[PATCH v2] selftests: powerpc: Add test for execute-disabled pkeys
Michael Ellerman
mpe at ellerman.id.au
Fri May 29 11:48:53 AEST 2020
Hi Sandipan,
A few comments below ...
Sandipan Das <sandipan at linux.ibm.com> writes:
> Apart from read and write access, memory protection keys can
> also be used for restricting execute permission of pages on
> powerpc. This adds a test to verify if the feature works as
> expected.
>
> Signed-off-by: Sandipan Das <sandipan at linux.ibm.com>
> ---
>
> Previous versions can be found at
> v1: https://lore.kernel.org/linuxppc-dev/20200508162332.65316-1-sandipan@linux.ibm.com/
>
> Changes in v2:
> - Added .gitignore entry for test binary.
> - Fixed builds for older distros where siginfo_t might not have si_pkey as
> a formal member based on discussion with Michael.
>
> ---
> tools/testing/selftests/powerpc/mm/.gitignore | 1 +
> tools/testing/selftests/powerpc/mm/Makefile | 3 +-
> .../selftests/powerpc/mm/pkey_exec_prot.c | 336 ++++++++++++++++++
> 3 files changed, 339 insertions(+), 1 deletion(-)

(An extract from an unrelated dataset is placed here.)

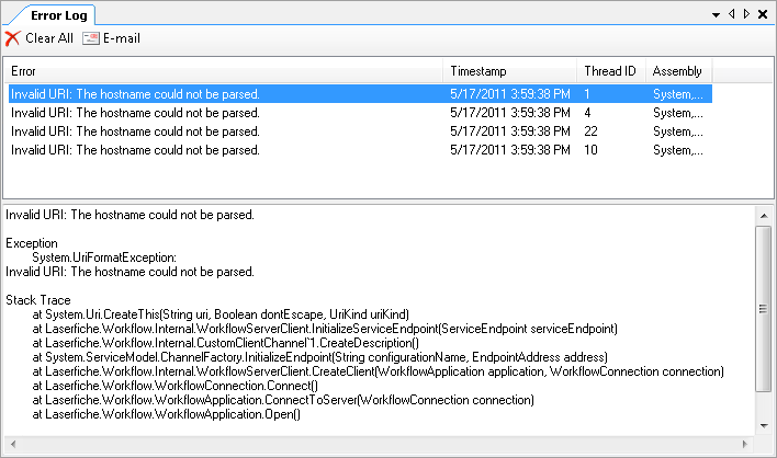 This pane lists any errors you encounter while building and/or publishing workflow definitions. You can e-mail errors to your administrator or technical support from this pane.

> create mode 100644 tools/testing/selftests/powerpc/mm/pkey_exec_prot.c
>
> diff --git a/tools/testing/selftests/powerpc/mm/.gitignore b/tools/testing/selftests/powerpc/mm/.gitignore
> index 2ca523255b1b..8f841f925baa 100644
> --- a/tools/testing/selftests/powerpc/mm/.gitignore
> +++ b/tools/testing/selftests/powerpc/mm/.gitignore
> @@ -8,3 +8,4 @@ wild_bctr
> large_vm_fork_separation
> bad_accesses
> tlbie_test
> +pkey_exec_prot
> diff --git a/tools/testing/selftests/powerpc/mm/Makefile b/tools/testing/selftests/powerpc/mm/Makefile
> index b9103c4bb414..2816229f648b 100644
> --- a/tools/testing/selftests/powerpc/mm/Makefile
> +++ b/tools/testing/selftests/powerpc/mm/Makefile
> @@ -3,7 +3,7 @@ noarg:
> $(MAKE) -C ../
>
> TEST_GEN_PROGS := hugetlb_vs_thp_test subpage_prot prot_sao segv_errors wild_bctr \
> - large_vm_fork_separation bad_accesses
> + large_vm_fork_separation bad_accesses pkey_exec_prot
> TEST_GEN_PROGS_EXTENDED := tlbie_test
> TEST_GEN_FILES := tempfile
>
> @@ -17,6 +17,7 @@ $(OUTPUT)/prot_sao: ../utils.c
> $(OUTPUT)/wild_bctr: CFLAGS += -m64
> $(OUTPUT)/large_vm_fork_separation: CFLAGS += -m64
> $(OUTPUT)/bad_accesses: CFLAGS += -m64
> +$(OUTPUT)/pkey_exec_prot: CFLAGS += -m64
>
> $(OUTPUT)/tempfile:
> dd if=/dev/zero of=$@ bs=64k count=1
> diff --git a/tools/testing/selftests/powerpc/mm/pkey_exec_prot.c b/tools/testing/selftests/powerpc/mm/pkey_exec_prot.c
> new file mode 100644
> index 000000000000..147fb9ed47d5
> --- /dev/null
> +++ b/tools/testing/selftests/powerpc/mm/pkey_exec_prot.c
> @@ -0,0 +1,336 @@
> +// SPDX-License-Identifier: GPL-2.0+
> +
> +/*
> + * Copyright 2020, Sandipan Das, IBM Corp.
> + *
> + * Test if applying execute protection on pages using memory
> + * protection keys works as expected.
> + */
> +
> +#define _GNU_SOURCE
> +#include <stdio.h>
> +#include <stdlib.h>
> +#include <string.h>
> +#include <signal.h>
> +
> +#include <time.h>
> +#include <unistd.h>
> +#include <sys/mman.h>
> +
> +#include "utils.h"
> +
> +/* Override definitions as they might be inconsistent */
Can you please expand the comment to say why/where you've seen problems,
so one day we can drop these once those old libcs are no longer around.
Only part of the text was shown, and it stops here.